Abstract
Cosmological simulations of galaxies have typically produced too many stars
at early times. We study the global and morphological effects of radiation
pressure (RP) in eight pairs of high-resolution cosmological galaxy formation
simulations. We find that the additional feedback suppresses star formation
globally by a factor of ~2. Despite this reduction, the simulations still
overproduce stars by a factor of ~2 with respect to the predictions provided by
abundance matching methods for halos more massive than 5E11 Msun/h (Behroozi,
Wechsler & Conroy 2013).
We also study the morphological impact of radiation pressure on our
simulations. In simulations with RP the average number of low mass clumps falls
dramatically.
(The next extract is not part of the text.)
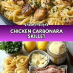 This Creamy Chicken Carbonara Skillet is an easy and delicious one-pan meal featuring tender sautéed chicken, crispy bacon, and a rich, creamy sauce made from eggs, Parmesan, and heavy cream, all tossed with fettuccine or spaghetti. Infused with lemon zest for brightness and finished with fresh parsley, it’s a comforting and flavorful pasta dish perfect for a quick weeknight dinner.

Only clumps with stellar masses Mclump/Mdisk <= 5% are impacted
by the inclusion of RP, and RP and no-RP clump counts above this range are
comparable. The inclusion of RP depresses the contrast ratios of clumps by
factors of a few for clump masses less than 5% of the disk masses. For more
massive clumps, the differences between and RP and no-RP simulations diminish.
We note however, that the simulations analyzed have disk stellar masses below
about 2E10 Msun/h.
By creating mock Hubble Space Telescope observations we find that the number
of clumps is slightly reduced in simulations with RP. However, since massive
clumps survive the inclusion of RP and are found in our mock observations, we
do not find a disagreement between simulations of our clumpy galaxies and
observations of clumpy galaxies. We demonstrate that clumps found in any single
gas, stellar, or mock observation image are not necessarily clumps found in
another map, and that there are few clumps common to multiple maps.